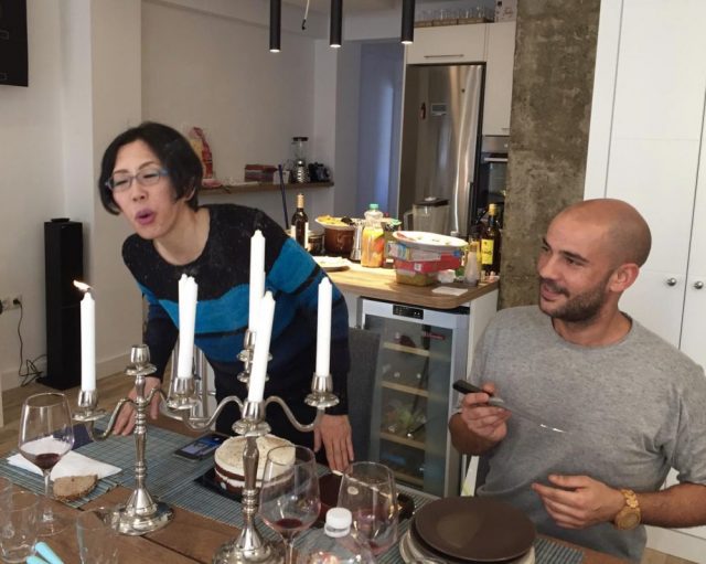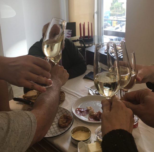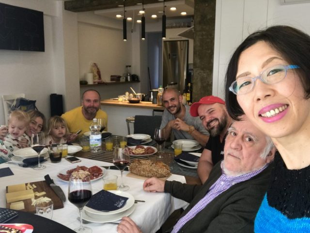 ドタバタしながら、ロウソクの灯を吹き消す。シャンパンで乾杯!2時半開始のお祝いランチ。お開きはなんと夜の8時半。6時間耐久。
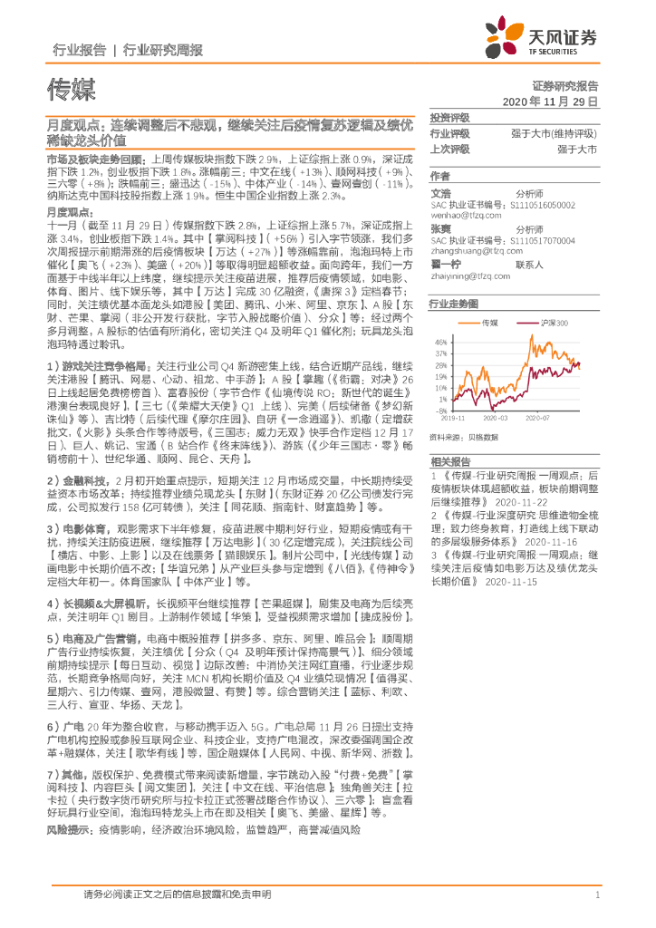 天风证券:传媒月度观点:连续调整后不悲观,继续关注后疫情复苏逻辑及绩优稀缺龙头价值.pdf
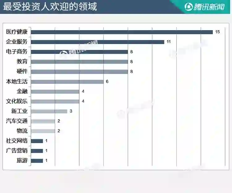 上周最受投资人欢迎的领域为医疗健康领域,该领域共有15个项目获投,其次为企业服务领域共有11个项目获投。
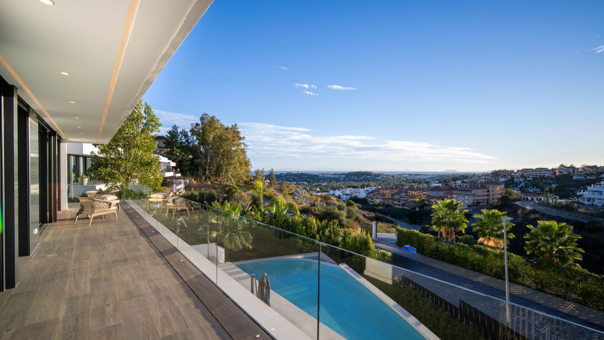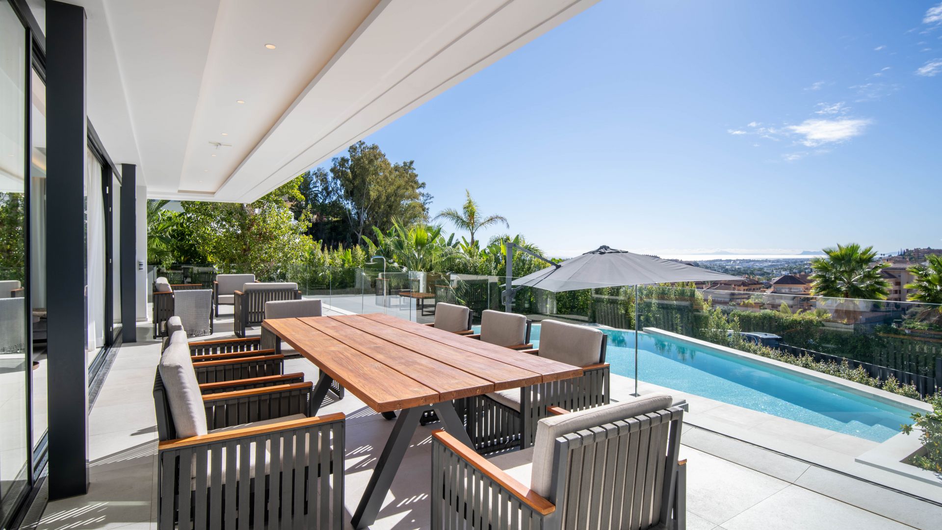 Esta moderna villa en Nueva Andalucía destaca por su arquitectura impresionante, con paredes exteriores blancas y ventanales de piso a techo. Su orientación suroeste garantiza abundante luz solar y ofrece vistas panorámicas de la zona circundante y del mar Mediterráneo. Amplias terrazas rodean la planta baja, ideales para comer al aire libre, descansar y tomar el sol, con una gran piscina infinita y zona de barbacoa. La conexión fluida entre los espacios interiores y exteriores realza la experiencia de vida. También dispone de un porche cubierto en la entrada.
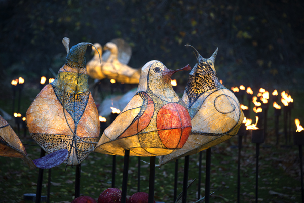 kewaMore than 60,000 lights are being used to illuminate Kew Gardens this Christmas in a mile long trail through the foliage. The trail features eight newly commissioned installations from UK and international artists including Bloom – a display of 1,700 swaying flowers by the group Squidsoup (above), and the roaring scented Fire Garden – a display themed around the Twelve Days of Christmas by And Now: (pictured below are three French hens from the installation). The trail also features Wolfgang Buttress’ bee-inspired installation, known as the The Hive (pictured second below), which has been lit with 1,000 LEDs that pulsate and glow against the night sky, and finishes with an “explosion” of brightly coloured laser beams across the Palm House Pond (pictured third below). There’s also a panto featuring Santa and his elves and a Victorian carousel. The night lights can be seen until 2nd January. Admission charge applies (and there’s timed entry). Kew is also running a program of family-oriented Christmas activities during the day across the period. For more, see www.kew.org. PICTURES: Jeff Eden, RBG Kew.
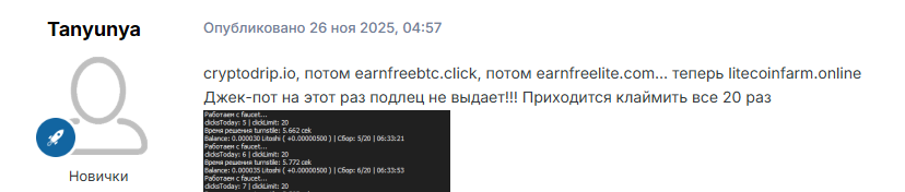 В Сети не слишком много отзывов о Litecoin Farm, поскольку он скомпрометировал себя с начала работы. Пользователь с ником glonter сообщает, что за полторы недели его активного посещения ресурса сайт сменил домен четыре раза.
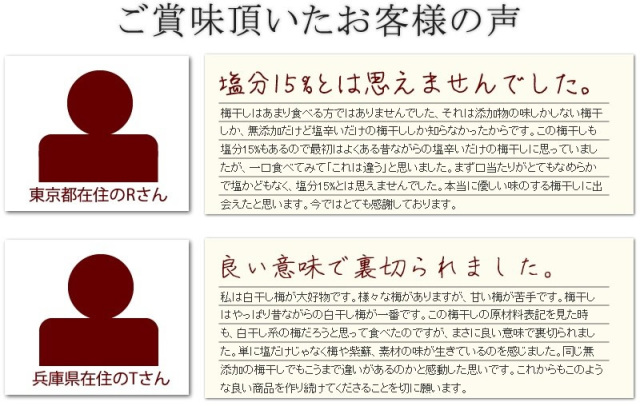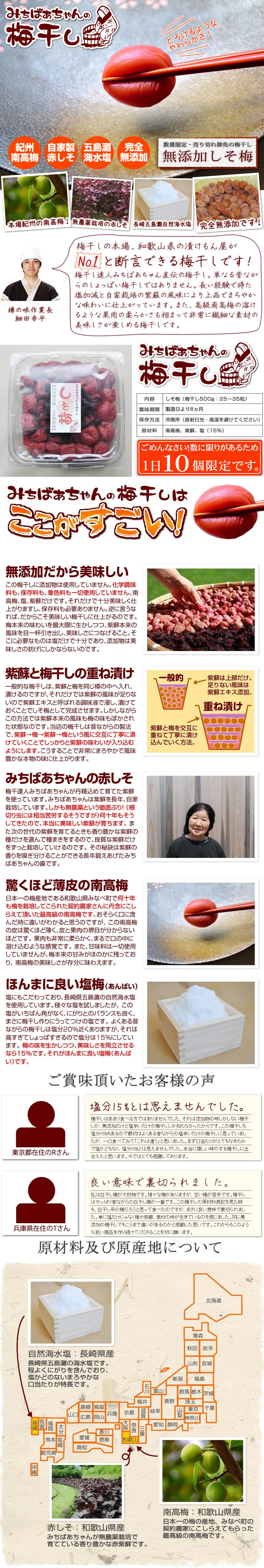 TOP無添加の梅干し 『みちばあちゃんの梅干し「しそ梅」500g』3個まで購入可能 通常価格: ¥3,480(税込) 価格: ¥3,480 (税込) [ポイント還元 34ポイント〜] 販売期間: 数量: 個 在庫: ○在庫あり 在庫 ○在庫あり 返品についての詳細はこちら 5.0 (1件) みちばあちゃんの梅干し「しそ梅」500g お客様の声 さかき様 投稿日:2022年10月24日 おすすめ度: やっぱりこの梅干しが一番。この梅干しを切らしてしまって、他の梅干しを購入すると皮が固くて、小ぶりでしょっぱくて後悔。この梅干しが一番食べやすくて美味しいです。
┄┄┄┄┄┄┄┄┄┄
Starting at the line that holds "В Сети не слишком" and stopping at the last line of the listing above, write out each line exactly as it appears, and omit the pictures.

 В Сети не слишком много отзывов о Litecoin Farm, поскольку он скомпрометировал себя с начала работы. Пользователь с ником glonter сообщает, что за полторы недели его активного посещения ресурса сайт сменил домен четыре раза.
 TOP無添加の梅干し 『みちばあちゃんの梅干し「しそ梅」500g』3個まで購入可能 通常価格: ¥3,480(税込) 価格: ¥3,480 (税込) [ポイント還元 34ポイント〜] 販売期間: 数量: 個 在庫: ○在庫あり 在庫 ○在庫あり 返品についての詳細はこちら 5.0 (1件) みちばあちゃんの梅干し「しそ梅」500g お客様の声 さかき様 投稿日:2022年10月24日 おすすめ度: やっぱりこの梅干しが一番。この梅干しを切らしてしまって、他の梅干しを購入すると皮が固くて、小ぶりでしょっぱくて後悔。この梅干しが一番食べやすくて美味しいです。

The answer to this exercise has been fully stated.